Chief Justice of India N V Ramana on Saturday said he is not a sophisticated speaker and learnt English in Class 8.
The comment was in response to Solicitor General Tushar Mehta's clarification that he was not even remotely suggesting that only farmers are responsible for air pollution in the Delhi-NCR region.
"Unfortunately I am not a sophisticated speaker. This is my drawback as I learnt English in Class 8. I don't have good English for expressing words. I studied law in the English language," the chief justice told Solicitor General Mehta, who was appearing for the Centre.
"The language in which our response as lawyers is taken might send the wrong message which was not the intention," Solicitor General Mehta had said.

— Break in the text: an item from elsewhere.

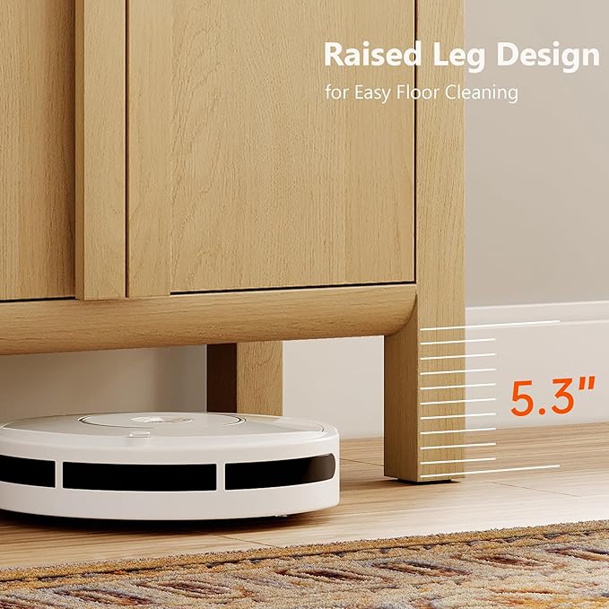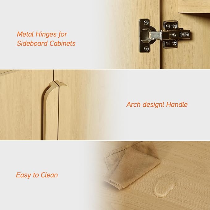 - French Vintage Style & Arched Design: Finished in light wood tones, this farmhouse sideboard brings a warm, With unique rounded handles and smooth curved edges, this modern sideboard adds a soft, refined aesthetic.Vintage vibe while maintaining clean modern lines. Ideal as a wooden cabinet for living rooms, kitchens, or entryways.

He said he too had learnt his English in Class 8 and studied till graduation in Gujarati medium.
"We are sailing in the same boat. My law was in English medium," Solicitor General Mehta said.
The Supreme Court has termed the rise in air pollution in the Delhi-NCR region an "emergency" and asked the Centre and the Delhi government to take immediate measures to improve air quality, suggesting steps such as stopping vehicles and clamping a lockdown in the national capital.
"We want the pollution to decrease ultimately. Nothing else," the chief justice said.
The bench, also comprising Justices D Y Chandrachud and Surya Kant, said there are other reasons for pollution such as vehicular emissions, firecrackers and dust, and singling out stubble burning is not the solution.
"Your projection is as if farmers are responsible for this pollution. Seventy per cent. First let the Delhi people be controlled. Where is the effective mechanism to control fire crackers, vehicle pollution etc?"
"We understand some per cent is stubble burning. Rest is crackers, vehicular pollution, industries, dust pollution etc. You tell us how to bring AQI levels from 500 to 200 points in Delhi. Take some immediate urgent measures like a two-day lockdown," the bench said.
The observations came while hearing a plea filed by environmental activist Aditya Dubey and law student Aman Banka, who sought directions to provide stubble-removing machines to small and marginal farmers for free.